Шрифт:
Интервал:
Закладка:
— Чушь собачья, — однако меня всего трясло.
— А ты думаешь, я не знаю, что тогда случилось? Как ты думаешь, почему она позволила себе залететь? Да потому что была уверена, что это ее единственная возможность заставить тебя на ней жениться. А ты все равно от нее отказался. Она была недостаточно хороша для тебя, да? Ты ведь мог бы спасти ее…
— Да бред это! Я ведь предлагал ей помочь…
— Помочь? Что значит «помочь»? Аборт сделать? Она не хотела делать аборт! Она любила тебя! Она хотела всю оставшуюся жизнь прожить вместе с тобой!
Ее гладкое лицо покраснело от ярости. На мой взгляд, она была должна мне еще одно извинение.
— Вы могли узнать, о чем мы говорили в то утро, только одним путем, — спокойно сказал я. — Она приходила сюда днем, после того, как мы расстались, — по ее лицу я понял, что так оно и было. — Она вернулась домой, сказала вам, что беременна, и вы вышвырнули ее вон.

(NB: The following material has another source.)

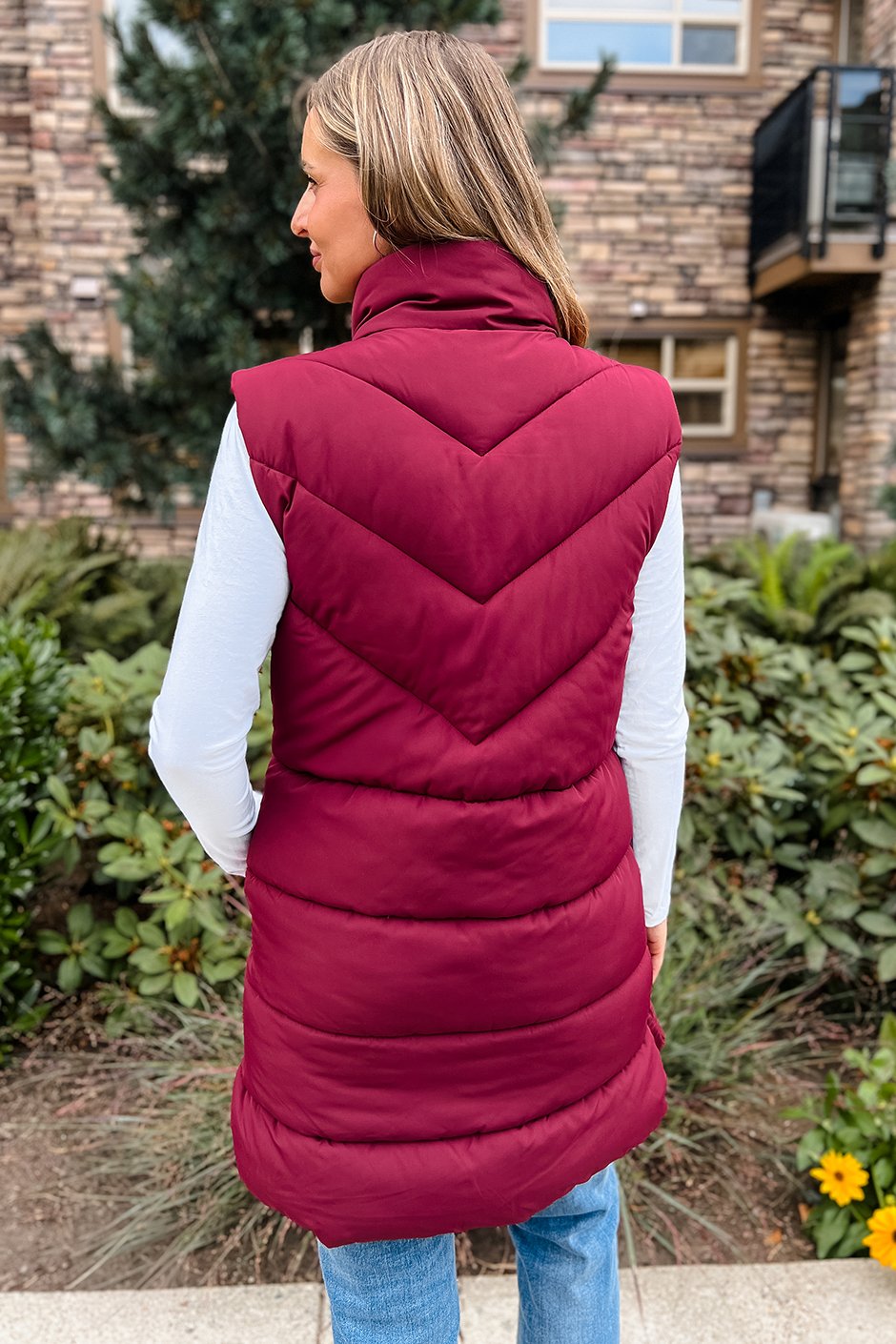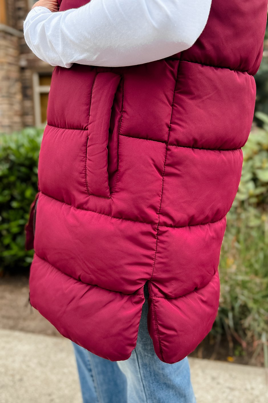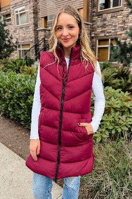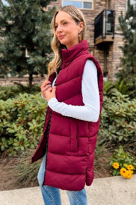 This soft puffer vest will absolutely be a staple in our fall wardrobes! It is so perfect for throwing on over a sweater as you run out the door. The rounded split hem is a unique touch, and we're all about the details! As a bonus, the lining is 100% recycled polyester, made in part from plastic bottles! This vest is doing good for the planet, and for your style!

Она заставила себя поглядеть мне в лицо:
— Мне приходится простить себе это.
— Отлично, просто отлично. Рад за вас. И как терапевтично звучит. А заодно вы простили и ее убийц. Мальчишки всегда мальчишки, и все такое. Правда, теперь они уже очень большая компания мальчишек, так что никаких обид. И обвинить, кроме меня, больше некого. Знаете, что я вам скажу, леди? Дерьмо вы. Вам бы мозги клизмой прочистить.
Белая кошка метнулась в сторону, когда я пинком распахнул дверь.

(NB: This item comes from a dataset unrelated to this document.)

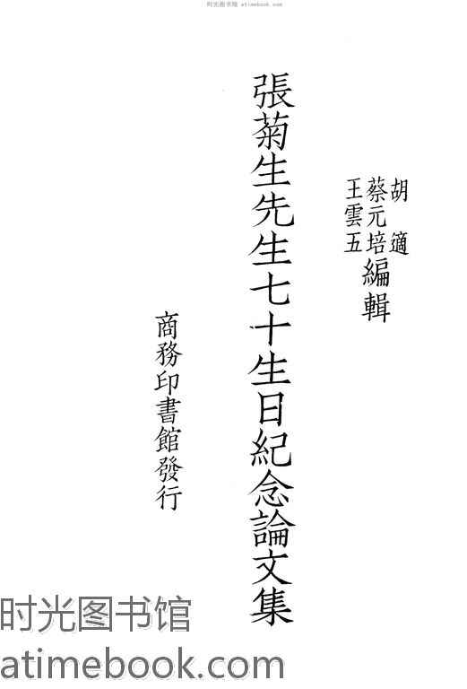 | 网盘路径:/时光图书馆珍藏系列/书籍文件/老图书/《张菊生先生七十生日论文集》电子版合集.db | ||

Я выехал на Эспланаду и остановился. Из-за сильного ветра пляж был безлюден. Груды песка шуршали рядом с дорожкой. Я держал окна закрытыми, даже несмотря на то, что истекал потом.
Я увидел серебристый «мерседес», подъезжающий к многоквартирному зданию на другой стороне улицы — отмечающему прежнюю могилу Черил. За рулем сидел какой-то седой тип, рядом с ним была молодая блондинка. Она резко рассмеялась, когда ворота подземного гаража открылись, пропуская их.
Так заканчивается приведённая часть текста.